If that installation is earning money, you dearly need professional help. I am no longer doing this as a profession, but I can recommend people. Contact me outside of Stack Overflow if you want.
UPDATE:
According to your processlist, you have very many queries in state Sending data. MySQL is in this state when a query is being executed, that is, the main interior Join Loop/Query Execution loop is busy. SHOW ENGINE INNODB STATUS\G will show you something like
...
--------------
ROW OPERATIONS
--------------
3 queries inside InnoDB, 0 queries in queue
...
If that number is larger than say 4-8 (inside InnoDB), 5.0.x is going to have trouble. 5.5.x will perform a lot better here.
Regarding the my.cnf: See my previous comments on your InnoDB. See also my comments on thread_concurrency (without innodb_ prefix):
# On Linux, this does exactly nothing.
thread_concurrency = 8
You are missing all innodb configuration at all.
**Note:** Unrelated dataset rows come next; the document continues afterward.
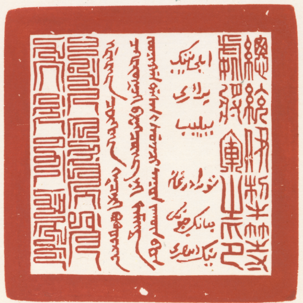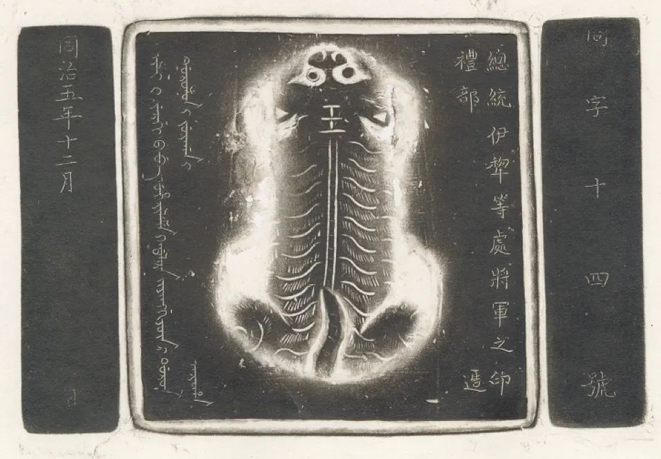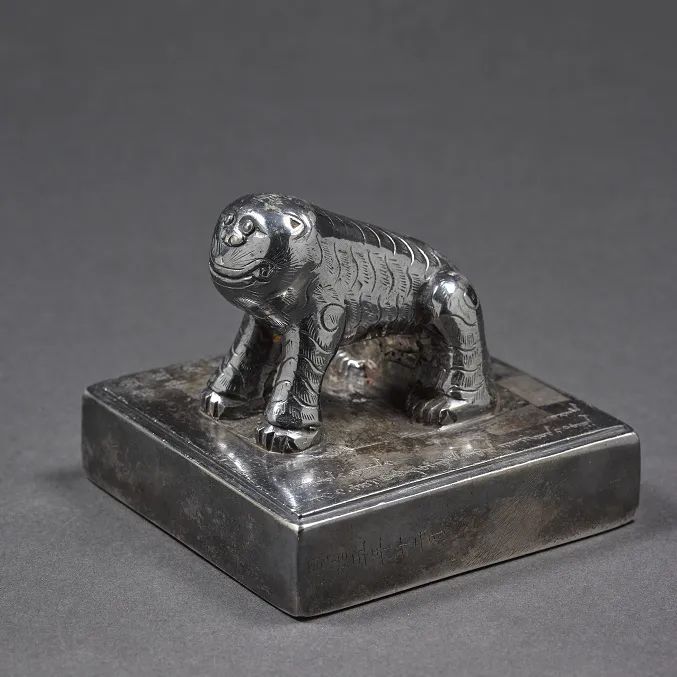 同治五年重新制作的“总统伊犁等处将军之印”虎钮银印,印面使用了满、蒙、回、汉四种文字,是目前仅存的一方4种文字对译的将军印。其实际行用时间近半个世纪,是祖国多民族融合统一的重要物证。
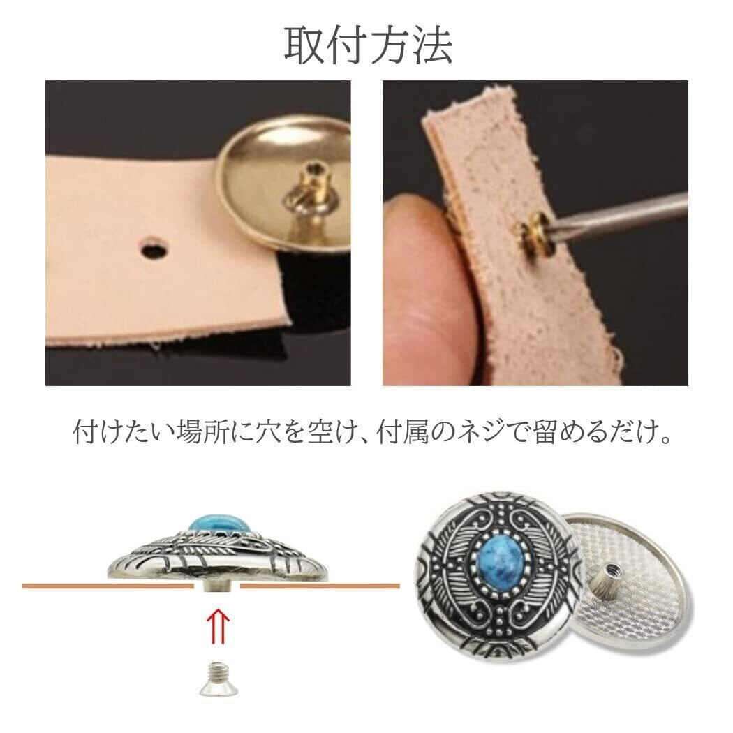 セット内容:コンチョ×12個 留め具として、ネジを2種類24個付属します。 コンチョのサイズ:直径約30mm 、素材:合金(シルバー仕上げ)
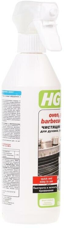 Чистящее средство HG для духовки, гриля, барбекю, предназначено для удаления засохшего и пригорелого жира, масляных пятен, застарелых загрязнений с внутренних поверхностей духовки, гриля, барбекю. Не надо прикладывать никаких усилий. Средство в виде спрея удобно в применении. Необходимо всего лишь нанести его на обрабатываемую поверхность и оставить действовать на несколько минут. Обильная пена на глазах впитает в себя всю грязь, которую необходимо лишь удалить влажной губкой.

Assuming that you ARE using innodb tables, you are not performing well, no matter what you do.
As far as I know, it's unlikely that merely maintaining/opening the connections would be the problem. Are you seeing this issue even when the site is idle?
I'd try http://www.quest.com/spotlight-on-mysql/ or similar to see if it's really your database that's the bottleneck here.
In the past, I've seen basic networking craziness lead to behaviour similar to what you describe - someone had set up the new machines with an incorrect submask.
Have you looked at any of the machine statistics on the database server? Memory/CPU/disk IO stats? Is the database server struggling?